> **Task to carry out**: Print the line containing "Lindo pegue!! Ascendimos" and all lines after it, unchanged, through the end of the data. Leave the pictures out.

### Stored data ###

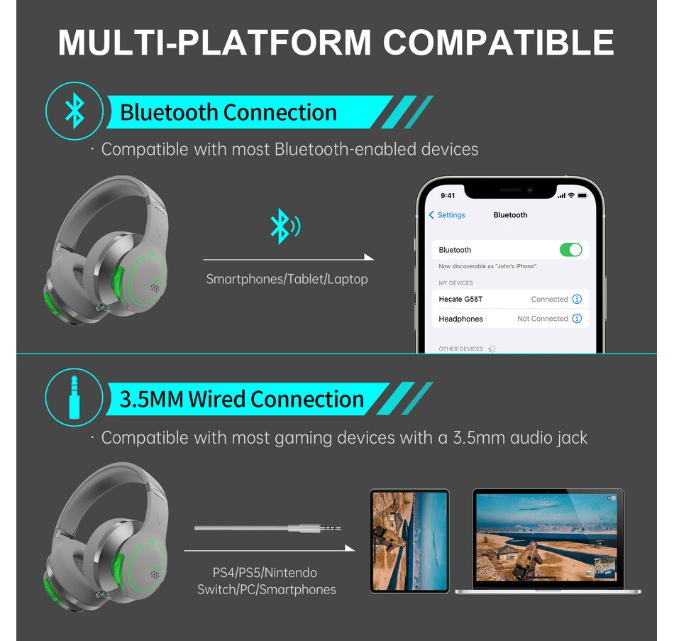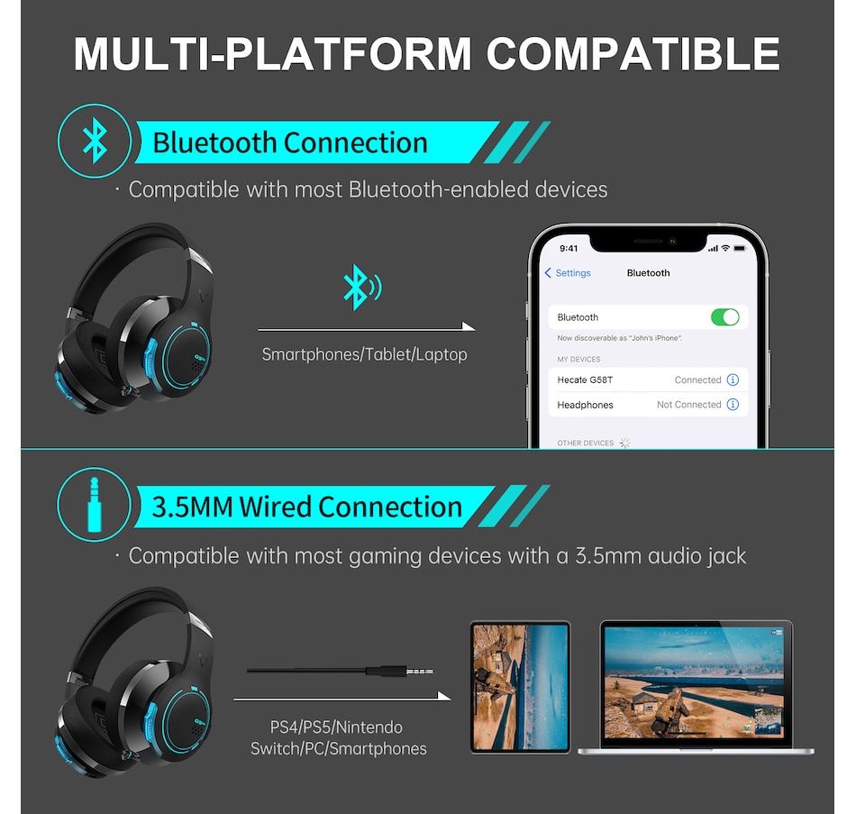 multi-platform compatible – bluetooth connection is compatible with most bluetooth-enabled devices. Wired connection is compatible with pc, laptop, nintendo switch, and more via 3.5mm audio cable.
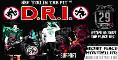 Dans le cadre du SEE YOU IN THE PIT #14 - La TAF et BOOMERANG présentent D.R.I + SUPPORT - Mercredi 9 juillet 2025 – Secret Place – 19h00 - Préventes 15€ hors frais de loc - Sur place 18€ - Adhésion annuelle obligatoire 3€
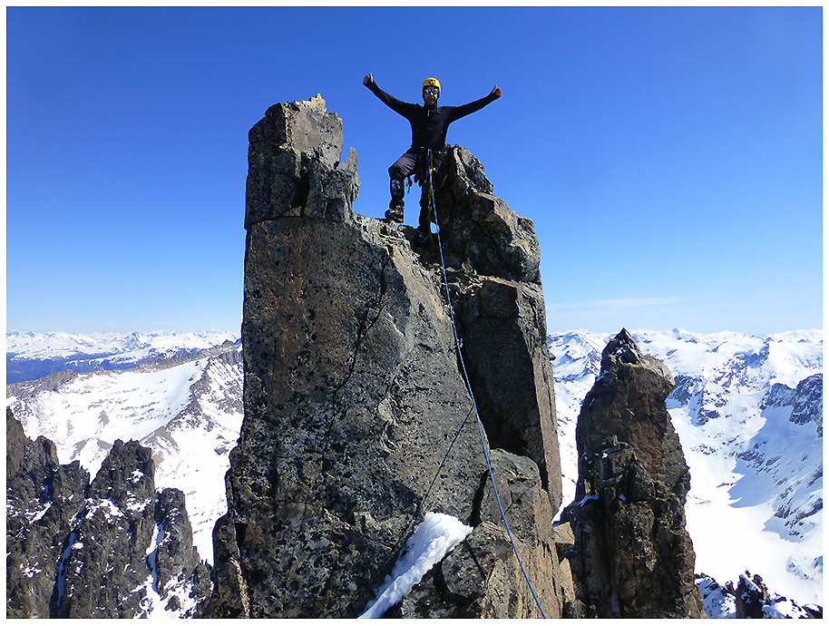Lindo pegue!! Ascendimos principalmente por la cara Este, más tarde escalamos un canalón en la cara norte, hombro Este y el largo de la torre final que abordamos por el sur. Bella y variada ruta. Potente y gratificante montaña.
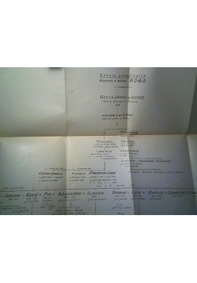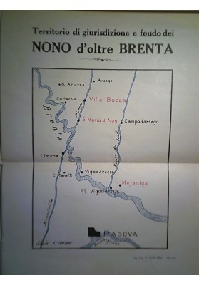 Formato in 16°;   16 pagine. Brossura editoriale: copertina posteriore assentre. Testo dattiloscritto. Interno fresco. Con Tavole in cromolitografia ripiegate "STEMMA DEI NONO D'OLTRE BRENTA - STEMMA DEI NONO DI PADOVA ALBERO GENEALOGICO DEI NONO DISCENDENTI DA PRINCIPI DSI NARBONA E DAI CONTI DI TOLOSA TERRITORIO DI GIURISDIZIONE E FEUDO DEI NONO D'OLTRE BRENTA TAVOLA GENEALOGICA RIGUARDANTE LA FAMIGLIA NONO". Esemplare unico.e

###

> **Reply to the task**:
Lindo pegue!! Ascendimos principalmente por la cara Este, más tarde escalamos un canalón en la cara norte, hombro Este y el largo de la torre final que abordamos por el sur. Bella y variada ruta. Potente y gratificante montaña.
 Formato in 16°;   16 pagine. Brossura editoriale: copertina posteriore assentre. Testo dattiloscritto. Interno fresco. Con Tavole in cromolitografia ripiegate "STEMMA DEI NONO D'OLTRE BRENTA - STEMMA DEI NONO DI PADOVA ALBERO GENEALOGICO DEI NONO DISCENDENTI DA PRINCIPI DSI NARBONA E DAI CONTI DI TOLOSA TERRITORIO DI GIURISDIZIONE E FEUDO DEI NONO D'OLTRE BRENTA TAVOLA GENEALOGICA RIGUARDANTE LA FAMIGLIA NONO". Esemplare unico.e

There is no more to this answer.